Die Ansätze und Methoden aus der Neuro- und Psycholinguistik sowie der klinischen Linguistik werden dazu eingesetzt, linguistische Basiskategorien und Theoreme kognitions- und neurowissenschaftlich zu fundieren und aufeinander zu beziehen. Eine Untersuchungsperspektive betriff dabei die Frage, wie ein immer gleich strukturiertes Gehirn das Verständnis der sehr verschiedenen menschlichen Sprachen gewährleisten kann bzw. welche sprachübergreifenden Gemeinsamkeiten und Unterschiede hierbei beobachtet werden können. Die Beantwortung dieser Frage verspricht neue Einblicke in die Natur der Sprache und in die Funktionsweise des menschlichen Gehirns: Da sprachübergreifend zutreffende Charakteristika der menschlichen Sprache vermutlich eng mit der Organisation des menschlichen Gehirns zusammenhängen, kann die Identifikation von „Universalien“ in der Neurokognition der Sprache die Hypothesenbildung über den Zusammenhang zwischen Sprache und Gehirn entscheidend vorantreiben.

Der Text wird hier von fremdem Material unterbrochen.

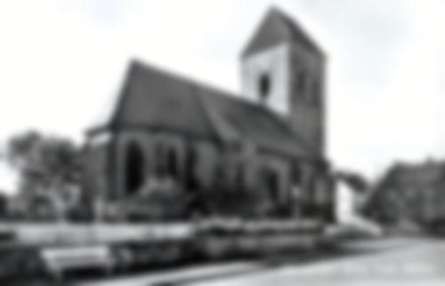 Das alte Bild zeigt die Nordost-Ansicht der St. Amandus-Kirche um 1955. Die alte Kirchhofsmauer und die alten mächtigen Linden mussten einer großzügig angelegten Freitreppe weichen. Bei Ausgrabungen in den Jahren 2001/02 fanden Archäologen heraus, dass an gleicher Stelle bisher viele alte Kirchen gestanden haben, deren Grundrisse bis hin zur ältesten, einem Pfostenbau, aus dem 13. Jahrhundert gehen.

Sprachübergreifende Unterschiede wurden beispielsweise in einer Reihe von psycholinguistischen EEG-Experimenten aufgedeckt, in denen die Online-Verarbeitung von Wortakzent und rhythmischen Strukturen auf sprachvergleichender Basis (Arbeiten zu den Sprachen Deutsch, Englisch, Polnisch, Türkisch, Ägyptisch-Arabisch) untersucht wurde. Dabei zeigte sich, dass selbst eng verwandte Sprachen wie Deutsch und Englisch in bestimmten Bereichen auf fundamental unterschiedliche neuronale Verstehensmechanismen zurückgreifen. Diese Ergebnisse weisen darauf hin, dass Wortbetonung und Satzmelodie einen wesentlichen Einfluss auf das Verstehen von Sprache haben und jeweils charakteristische neurophysiologische Signaturen hervorrufen.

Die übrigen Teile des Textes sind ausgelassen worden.